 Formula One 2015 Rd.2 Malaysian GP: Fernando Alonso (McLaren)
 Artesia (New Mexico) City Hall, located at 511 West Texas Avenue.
-------
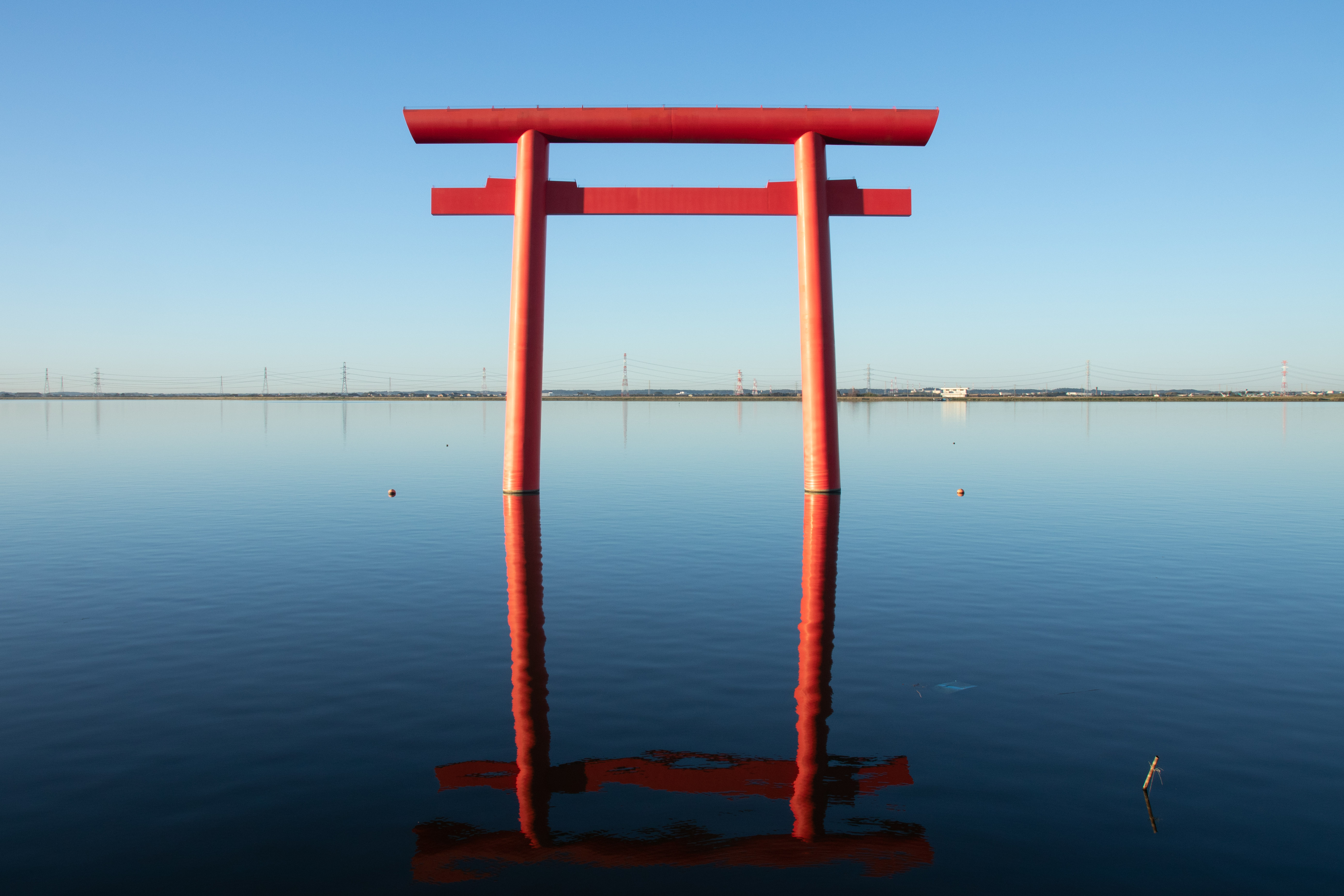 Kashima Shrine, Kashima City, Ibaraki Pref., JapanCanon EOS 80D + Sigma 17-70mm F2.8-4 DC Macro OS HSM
-------
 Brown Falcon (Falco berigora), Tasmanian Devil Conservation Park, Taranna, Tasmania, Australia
-------
■ **Problem requirements**
Only the lines above starting with the one with "Formula One 2015" and going through the one with "Artesia (New Mexico)" are to be copied, word for word and with both ends kept.

■ **Solution to this task**
 Formula One 2015 Rd.2 Malaysian GP: Fernando Alonso (McLaren)
 Artesia (New Mexico) City Hall, located at 511 West Texas Avenue.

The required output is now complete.